Robert Pound, Roger Lopez, Umesh Sunnapu
Links: Enterprise Solutions
, Business Intelligence and Appliance Solutions
Episode 1 | Project Overview
Welcome to the first episode of the Dell Business Intelligence Project Using US Patent Office (USPTO) Project. You might wonder, what is the Dell Business Intelligence Project Using USPTO Data project? This project was created by the Database Solutions Engineering & Business Intelligence Product Group teams. The project goal is to show the step-by-step process of building a data warehouse and business intelligence solution.

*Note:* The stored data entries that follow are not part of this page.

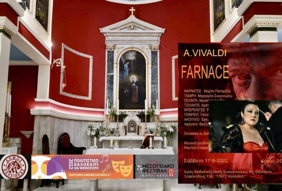 Κορυφαία στιγμή για το 7ο Μεσογειακό Φεστιβάλ Καλλιθέας η παρουσίαση για πρώτη φορά στην Ελλάδα της όπερας του Αντόνιο Βιβάλντι «Ο Φαρνάκης», σε μορφή αναλογίου που θα δοθεί απόψε, Σάββατο 17 Σεπτεμβρίου 2022, στο χώρο της Καθολικής Εκκλησίας Καλλιθέας, στις 20:30, με την ευγενική αρωγή της ενορίας.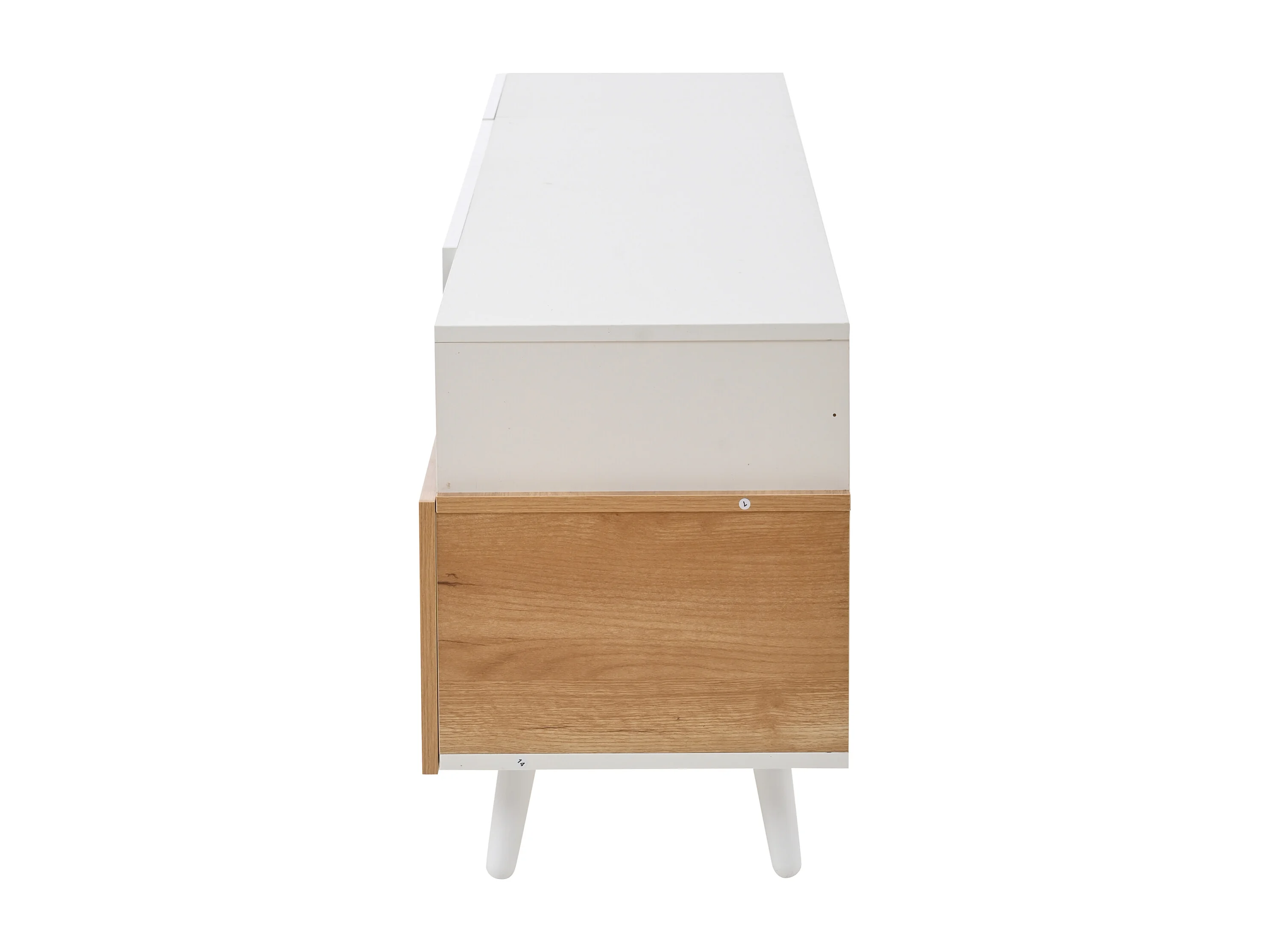 Meuble TV blanc 180x38x50 cm avec 2 portes et 1 tiroir de rangement - pieds en bois -
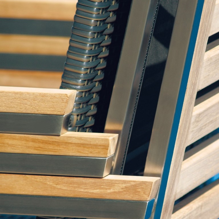 Sedia impilabile in teak e batyline. Lineare, ampia e comoda. L’altezza della seduta la rende adatta ad essere usata come sedia da pranzo mentre il tessuto batyline usato per la seduta e per lo schienale la rende comoda anche come sedia da lettura o da conversazione. Indicata soprattutto per quelle realtà dove si richiede una seduta che possa asciugare rapidamente: ad esempio nei pressi di una piscina.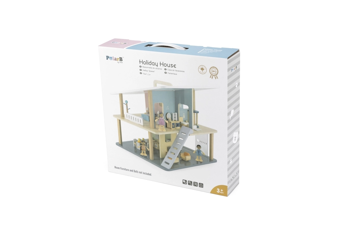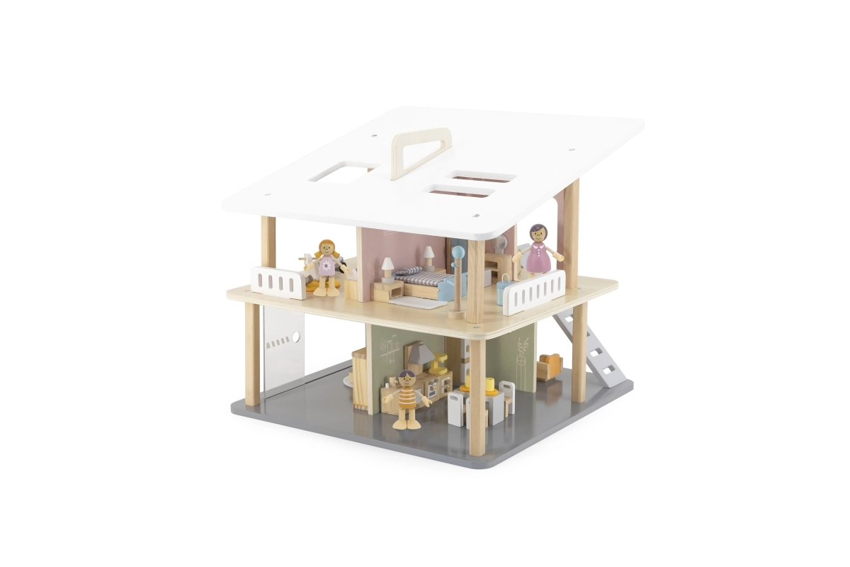 Stiilne puidust nukumaja kahe korruse, viie toa ja terrassiga pakub avatud ligipääsu lihtsaks mänguks, kaasaskantavat lahendust käepidemega ning tunde loovat, kujutlusvõimet arendavat lõbu lastele alates 3. eluaastast.

In this first episode, we describe what we want to achieve and examine the dataset we want to use for the project. Google and the USPTO have worked together to make the USPTO data
publicly available. Our goal is to show you how to extract meaningful information from this data.
Google and the USPTO Data
This project shows a Dell end-to-end business intelligence solution. The main objective of this solution is to download, capture, analyze, and find correlations with the publically available USPTO data. We accomplish this goal using an implementation of the Dell Quickstart Data Warehouse to import and load the data into an SQL database. We then implemented Dell Toad products to analyze the data. The project starts off by looking at the following information:
- Top 10 patent producing companies for a given year.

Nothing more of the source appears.